1/s+a + 1/s+b = 1/c
solve for s
$\displaystyle \frac{1}{s + a} + \frac{1}{s + b} = \frac{1}{c}$
$\displaystyle \frac{s + b}{(s + a)(s + b)} + \frac{s + a}{(s + a)(s + b)} = \frac{1}{c}$
$\displaystyle \frac{s + b + s + a}{(s + a)(s + b)} = \frac{1}{c}$
$\displaystyle \frac{2s + a + b}{s^2 + (a + b)s + ab} = \frac{1}{c}$
$\displaystyle c(2s + a + b) = s^2 + (a + b)s + ab$
$\displaystyle 2cs + ac + bc = s^2 + (a + b)s + ab$
$\displaystyle 0 = s^2 + (a + b - 2c)s + ab - ac - bc$.

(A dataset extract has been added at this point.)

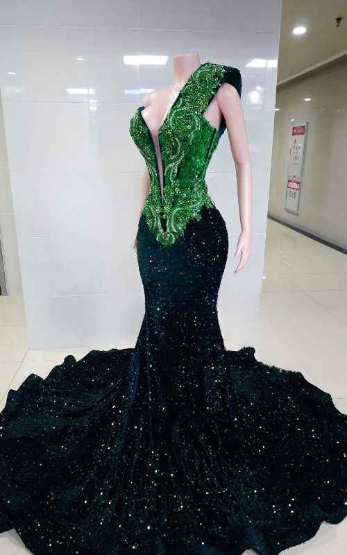 This Emerald Peak mermaid prom gown is built to shine without overdoing it. The glittering basqued bodice shapes and defines the waist, giving a sharp, sculpted fit that feels luxe and flattering. The mermaid silhouette flows into a sequin flare that catches light with every step, adding movement and drama in just the right amount. Rich emerald tones bring that powerful, confident vibe. Perfect for prom, formal nights, and entrances that deserve attention.

Now solve using the Quadratic Formula...
No, the OP is asking what is a, b, and c in the quadratic formula. So in the equation
$\displaystyle s^2 + (a + b - 2c)s + ab - ac - bc = 0$
"a" is 1,
"b" is a + b - 2c, and
"c" is ab - ac - bc.
So the setup would be
$\displaystyle s = \frac{-(a + b - 2c) \pm \sqrt{(a + b - 2c)^2 - 4(1)(ab - ac - bc)}}{2(1)}$
...